▸ SUPPLIED MATERIAL:
★ ★ ★ ★

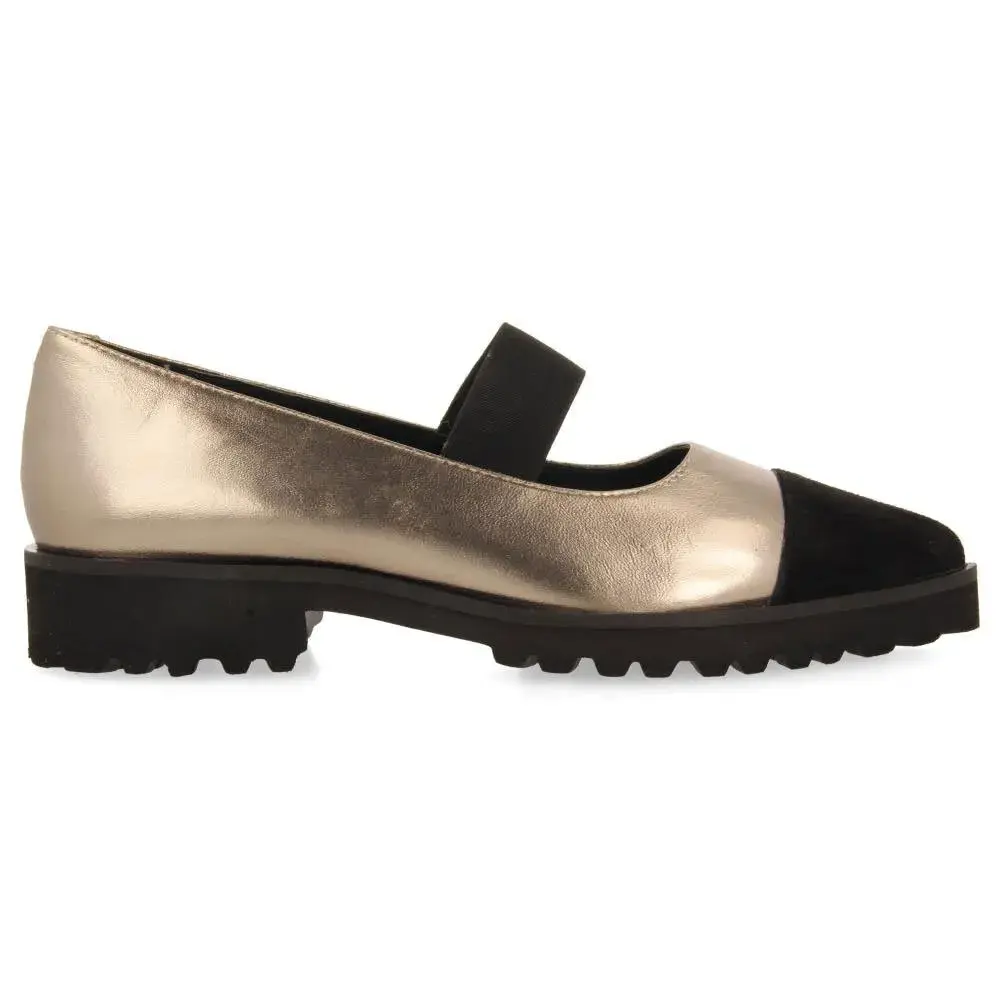 Балетки бронзового цвета на эластичной подошве.
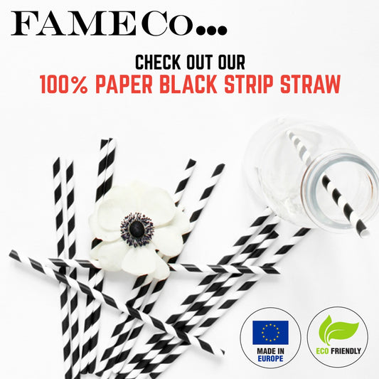 Paper Straws Black Strips D.6mm X L21cm x 500pcs
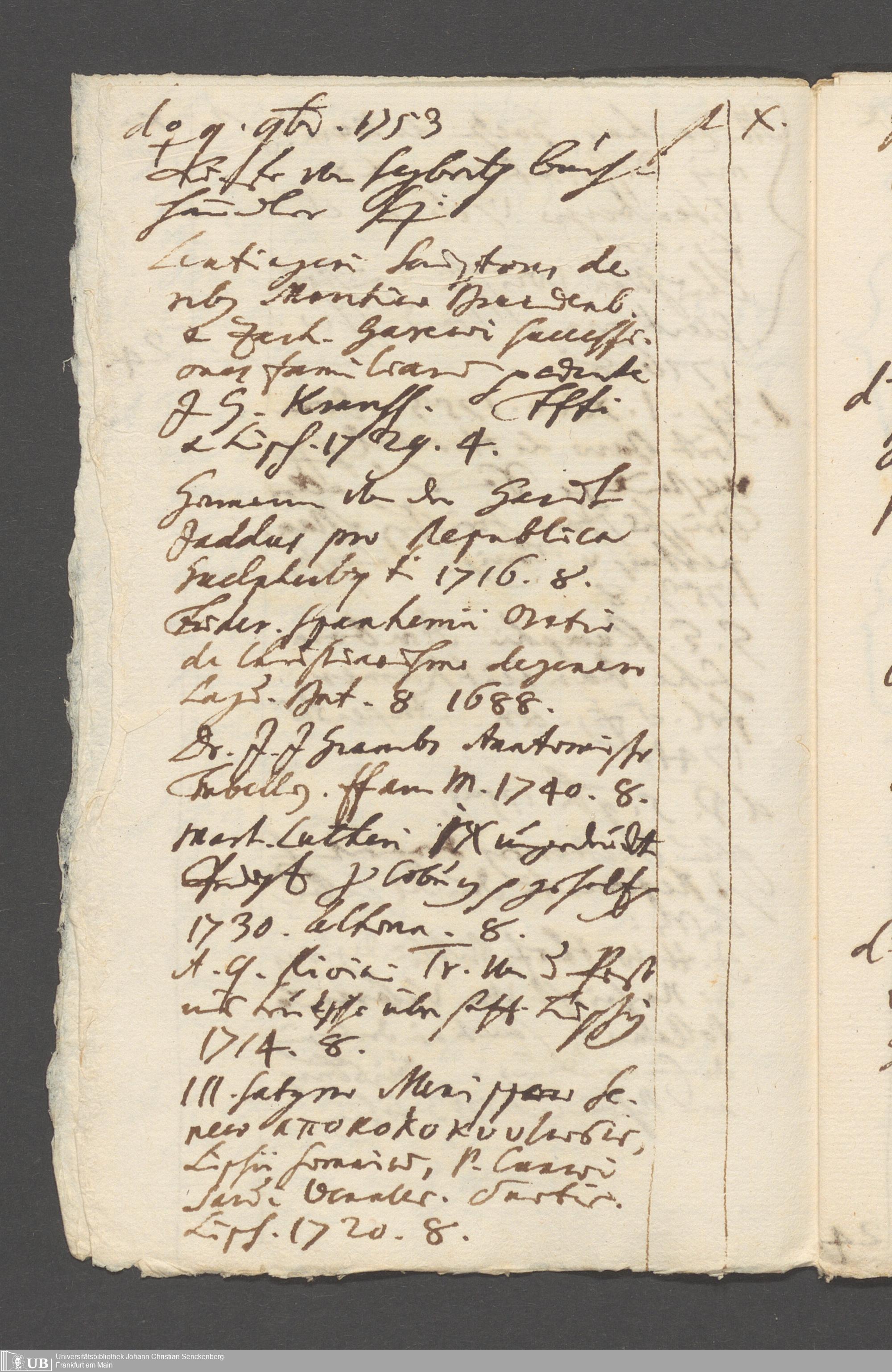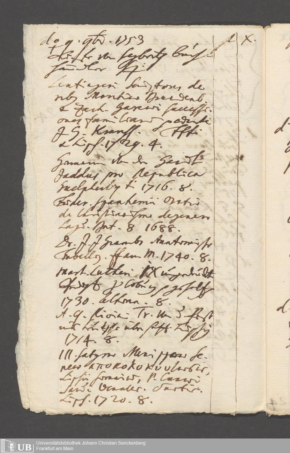 Na 31 Nachlass Johann Christian Senckenberg, 215 - Aufzeichnungen über Bücherkäufe und Schenkungen

★ ★ ★ ★

▸ PROBLEM TO SOLVE: Write out exactly the lines running from the one with "Paper Straws Black" through the end of the material, both ends included, while leaving the pictures out.

▸ THE COMPLETED TASK:
 Paper Straws Black Strips D.6mm X L21cm x 500pcs
 Na 31 Nachlass Johann Christian Senckenberg, 215 - Aufzeichnungen über Bücherkäufe und Schenkungen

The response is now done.